> [Problem details] Beginning at the line containing "С 1900 года средняя", repeat each line below exactly up to and including the line containing "Ленточное кружево создано". Do not repeat the pictures.

═══ Entries shown ═══

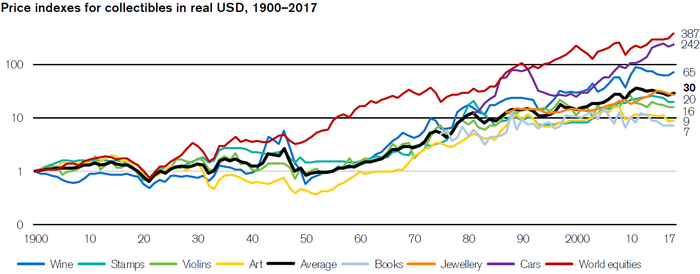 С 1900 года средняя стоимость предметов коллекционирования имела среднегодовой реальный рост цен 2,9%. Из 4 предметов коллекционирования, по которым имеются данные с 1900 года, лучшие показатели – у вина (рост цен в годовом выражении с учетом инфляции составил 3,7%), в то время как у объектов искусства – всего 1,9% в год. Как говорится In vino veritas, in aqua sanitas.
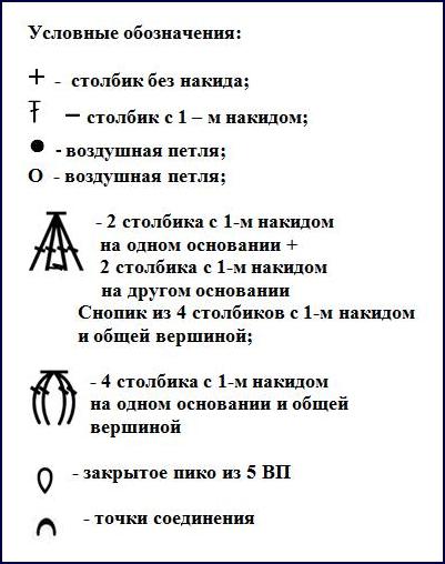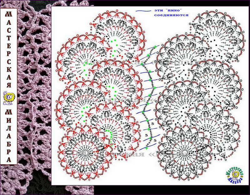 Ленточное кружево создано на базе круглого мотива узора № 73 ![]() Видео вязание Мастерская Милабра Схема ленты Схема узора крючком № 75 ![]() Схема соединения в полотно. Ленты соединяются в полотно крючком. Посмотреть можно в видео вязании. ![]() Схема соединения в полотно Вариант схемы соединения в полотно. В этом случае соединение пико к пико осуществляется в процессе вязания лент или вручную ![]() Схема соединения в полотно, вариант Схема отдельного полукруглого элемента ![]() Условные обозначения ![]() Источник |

═══
═══ Entries shown ═══

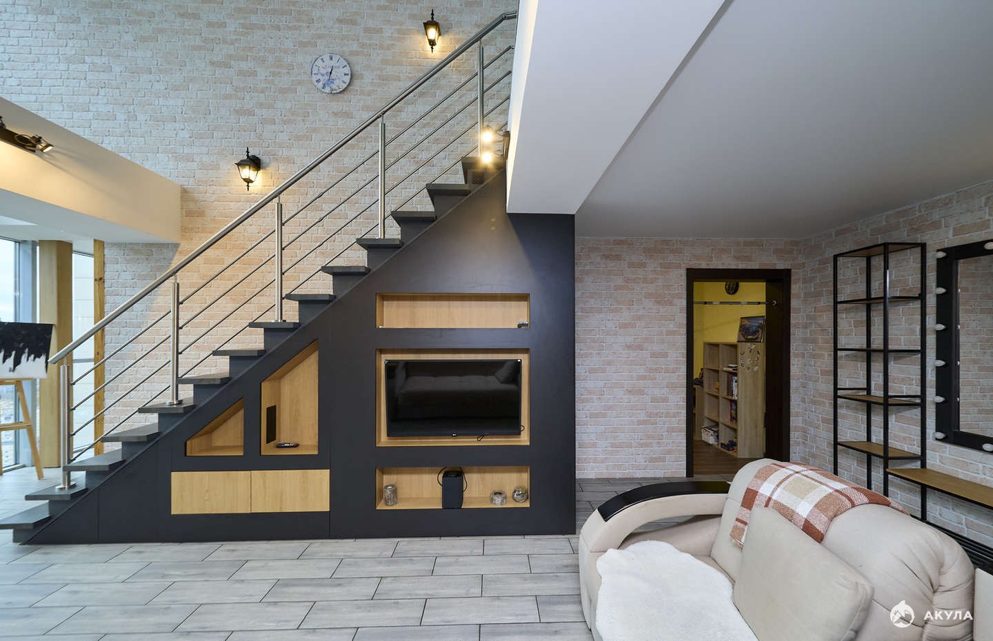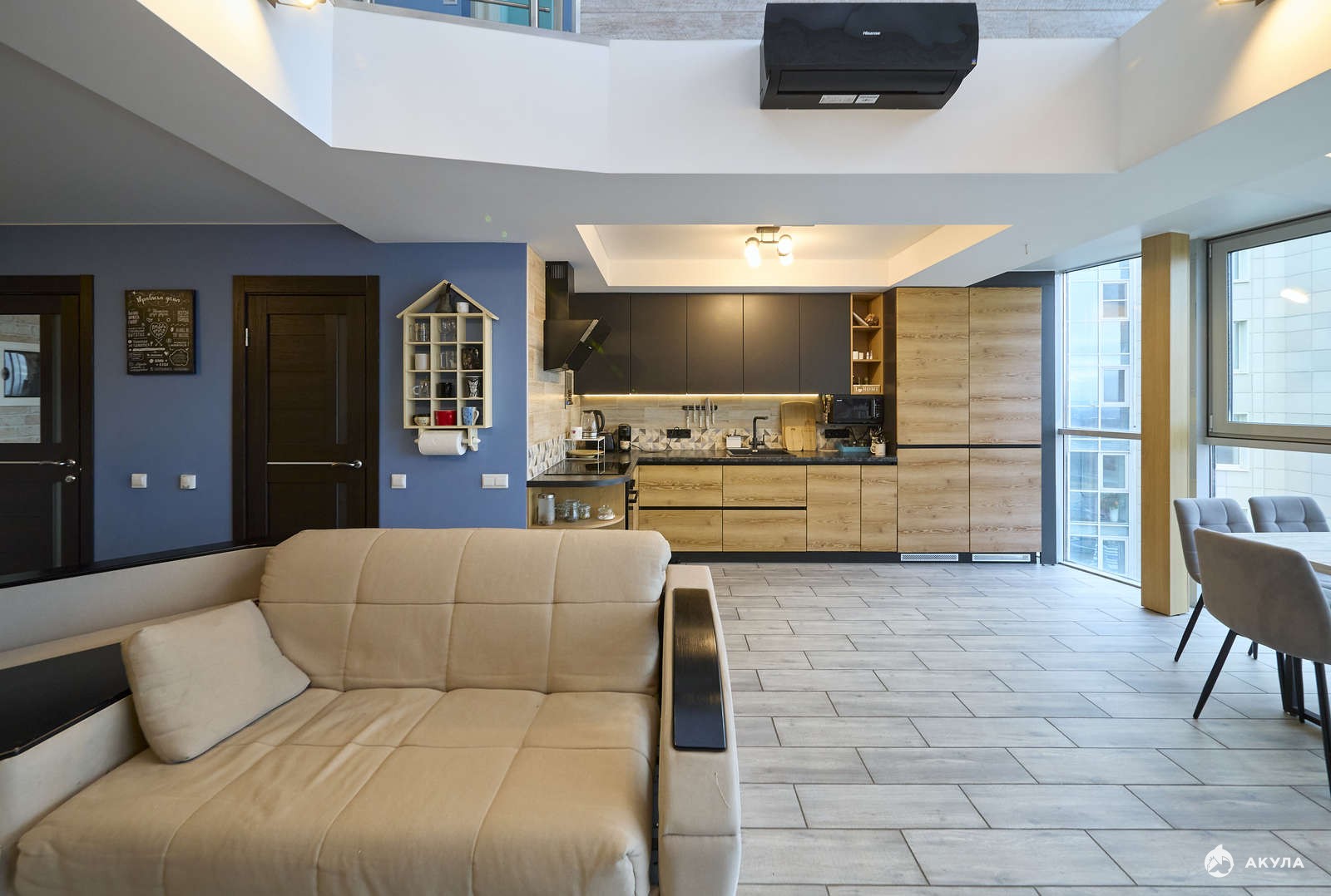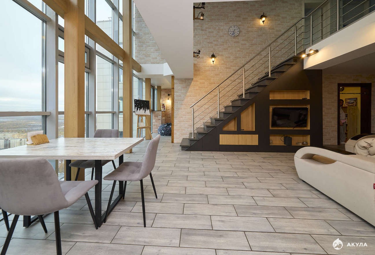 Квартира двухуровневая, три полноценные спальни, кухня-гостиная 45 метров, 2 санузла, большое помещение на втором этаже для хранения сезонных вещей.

═══

> [Exercise output]
 С 1900 года средняя стоимость предметов коллекционирования имела среднегодовой реальный рост цен 2,9%. Из 4 предметов коллекционирования, по которым имеются данные с 1900 года, лучшие показатели – у вина (рост цен в годовом выражении с учетом инфляции составил 3,7%), в то время как у объектов искусства – всего 1,9% в год. Как говорится In vino veritas, in aqua sanitas.
 Ленточное кружево создано на базе круглого мотива узора № 73 ![]() Видео вязание Мастерская Милабра Схема ленты Схема узора крючком № 75 ![]() Схема соединения в полотно. Ленты соединяются в полотно крючком. Посмотреть можно в видео вязании. ![]() Схема соединения в полотно Вариант схемы соединения в полотно. В этом случае соединение пико к пико осуществляется в процессе вязания лент или вручную ![]() Схема соединения в полотно, вариант Схема отдельного полукруглого элемента ![]() Условные обозначения ![]() Источник |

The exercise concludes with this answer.